Film: Königin, Vater und Meer

Er habe das Gefühl, fällt der Vater seiner Tochter ins Wort, dass sie auf etwas Bestimmtes hinauswolle: «Was willst du eigentlich genau von mir wissen?» – «Darüber? Alles.» Vinci wirkt überrascht, aber auch ein bisschen traurig: «Das ist etwas viel, Leo. Sorry.»
«Bilder im Kopf» von Eleonora Camizzi – ihr Vater nennt sie Leo – handelt durchaus von diesem «darüber»: von der «paranoiden Schizophrenie», die ihm als Dreissigjährigem diagnostiziert wurde, nachdem er sich freiwillig hatte «einliefern» lassen, weil sich Leos Mutter vor ihm fürchtete. Zu Recht, wie er seiner Tochter gegenüber einräumt, deren Augen sich nicht zum ersten und nicht zum letzten Mal mit Tränen füllen. Sie stellt weitere Fragen: warum er ist, wie er ist, und wie es sich anfühlt, in einer Gesellschaft zu leben, die mit Menschen wie ihm nichts anderes anzufangen weiss, als ihnen eine IV-Rente zu bezahlen und starke Beruhigungsmittel zu verschreiben.
Vinci gibt Auskunft, wo er kann.
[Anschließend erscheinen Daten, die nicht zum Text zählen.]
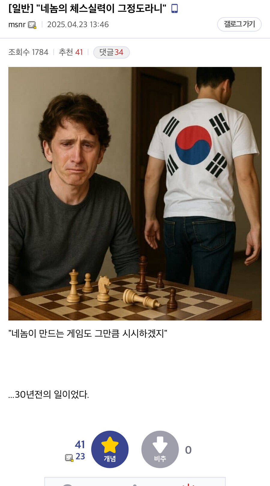 아니면 30년전에 한국인한테 체스로 뚜드려 맞았던 적이 있거나
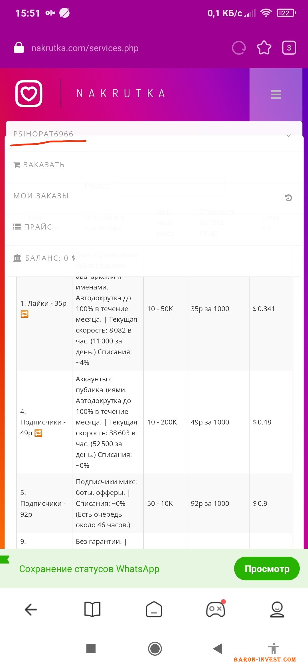Також можливо використовувати цей сайт як робочу платформу , ви виставляете оголошення, з послугами розкрутки інстаграм акаунтів , і ставите свою націнку , так як ви бачите там послуги платні , але ціни там в тричі менші відносно до українського ринку по розвитку інстаграм акаунтів , тому , коли у вас буде клієнт , по розвитку , ви зможете поставити свою ціну , и с допомогою сайту виконувати роботу піар менеджера , тільки попереджаю , не завищуйте ціни відносно ринку .
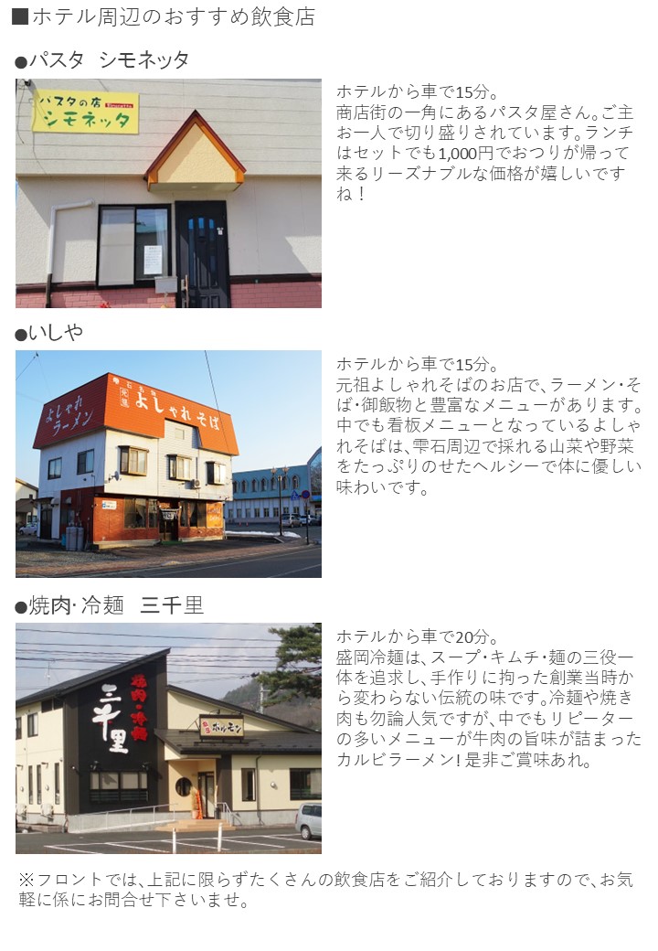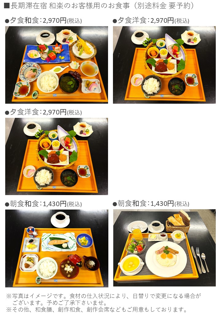 ※本プランにはお食事は含まれておりません。ご希望の方には長期滞在宿和楽用の各種お料理もご用意しております。また、周辺飲食店(人気店、郷土料理)などもご案内もしております。

Verteidigt sich gegen offene und stumme Vorwürfe. Erzählt vom halben Penny, den er einst von der «Königin» geschenkt bekam, und von den fünf Diktatoren in seinem Kopf, die manchmal in so heftigen Streit geraten, dass er zu explodieren drohe. Dies zu vermeiden, sei eine seiner Hauptbeschäftigungen.
So wichtig wie der Inhalt des Gesprächs ist der Ort, an dem es stattfindet: ein weisser Raum ohne Möbel, ohne Tür und ohne Dekoration. Durch ein Fenster sieht man das Meer, vor dem ab und an Menschen in Badekleidung vorbeischlendern, während Leo und Vinci ganz in Weiss gekleidet sind. Weshalb genau dieses filmisch-experimentelle Konstrukt ein Gespräch ermöglicht, das trotz aller Barrieren und implizierten Verletzungen von Offenheit und sichtbarer Liebe geprägt ist, bleibt ein wunderbares Rätsel, das keiner Auflösung bedarf.
«Bilder im Kopf», in Solothurn mit dem «Visioni»-Preis ausgezeichnet und jetzt am Human Rights Film Festival in Zürich zu sehen, zeigt unter anderem, von welcher Schönheit der blosse Akt des aufrichtigen und sich eines Urteils vorerst enthaltenden Zuhörens sein kann.